While the Slack bot is focused on internal referrals, Ranade said Drafted external job referrals are still a big part of what the startup provides. With a mobile-optimized website, Drafted gives job seekers an easy way to request introductions to companies posting jobs through connections on LinkedIn. The site also lets people refer friends to job openings, which could lead to rewards of various kinds, including cash, if someone ends up getting hired.

One of Drafted’s original appeals was a mobile app that gave people an easy way to make job referrals, but at the end of last year, the company announced it was pausing mobile development. Ranade said Drafted moved away from a mobile app to a mobile-optimized web experience for a few reasons. For one, hiring managers didn’t want a backend system they could only use on a mobile device. Moving to a web-based interface also made it more flexible for new features and integrations.

“It turns out our main customers are enterprise and are used to web-based software,” Ranade said.

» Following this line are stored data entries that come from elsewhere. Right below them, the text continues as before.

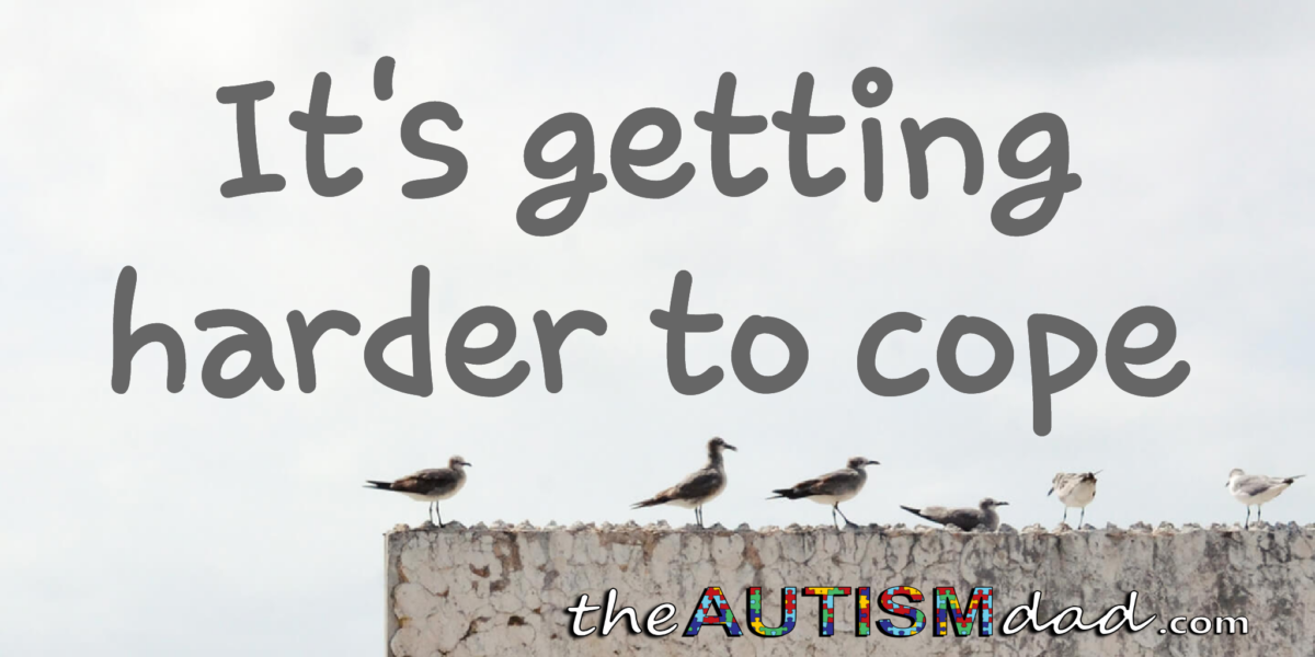 The emotions I'm experiencing in regards to coping is probably two fold. It's part frustration because Gavin's functioning at maybe fifty percent of what he was, say two years ago. The other part is pure, unadulterated heartache because he's only functioning at maybe fifty percent of where he was two years ago.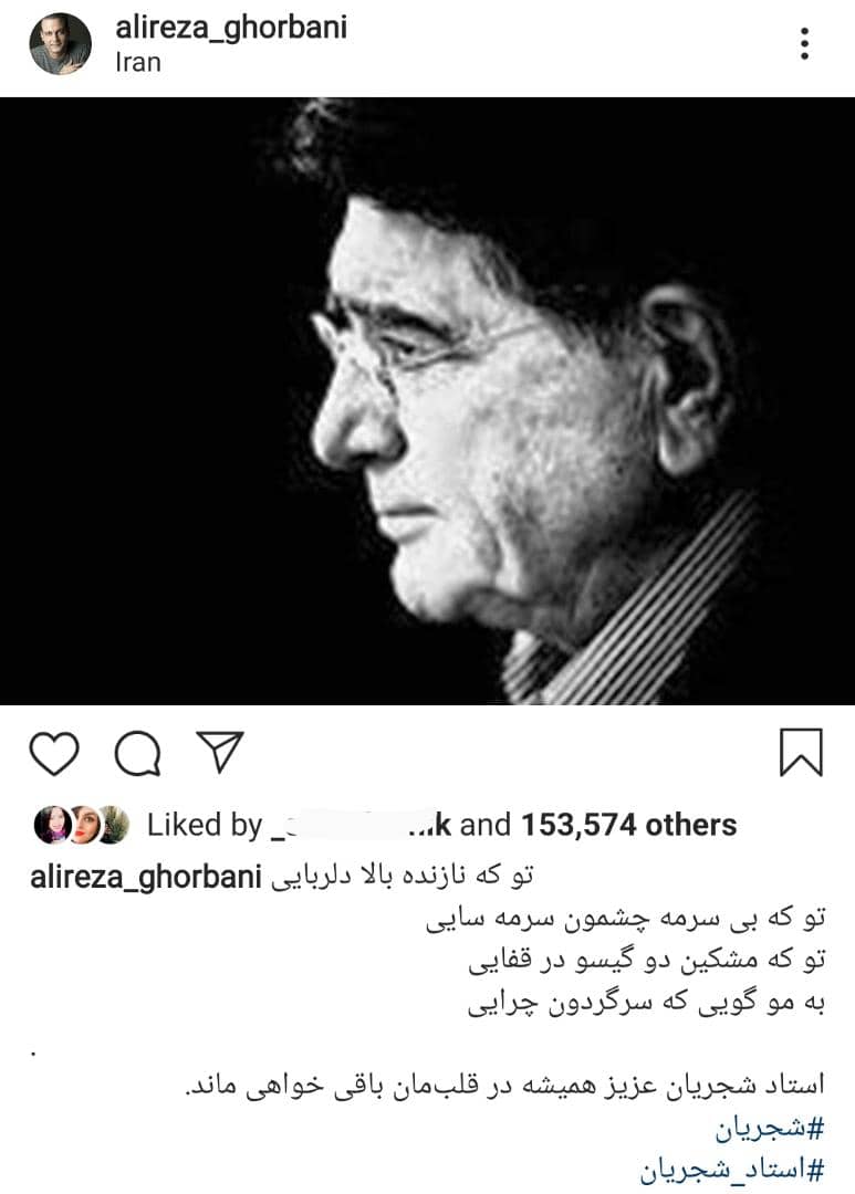 واکنش علیرضا قربانی به درگذشت استاد آواز ایران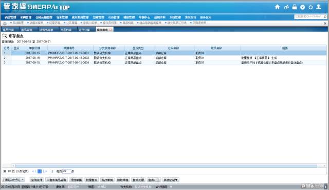在“仓储运输管理-盘点管理-库存盘点”进入库存盘点列表界面显示的是以上三种方法添加的盘点单,若是批量生成或未盘点单据查询生成的单据,在摘要字段有说明,如图: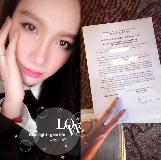 | MC Hạnh Phúc cũng ký vào đơn hiến tặng giác mạc sau khi qua đời và chia sẻ trên sóng truyền hình. |

Another part of Drafted’s early appeal were the potentially large cash payouts people could win from companies if they made job referrals that resulted in successful hires. Large dollar figures used to feature prominently next to jobs listed on Drafted, but that’s no longer the case. Ranade said companies can still offer cash rewards for successful job referrals, but it didn’t make sense to make it a requirement for companies that don’t hand out money as part of their recruitment strategy. So Drafted made its rewards system optional and more flexible, so companies could offer other kinds of rewards.

ReferralMob, another Boston startup that provides a job referral service, still offers cash rewards as one of its main appeals. Ranade, however, said it’s no longer a priority for Drafted, though it is important for companies to have a reward strategy.

“We can’t come in and mandate how everyone does referral rewards,” Ranade said.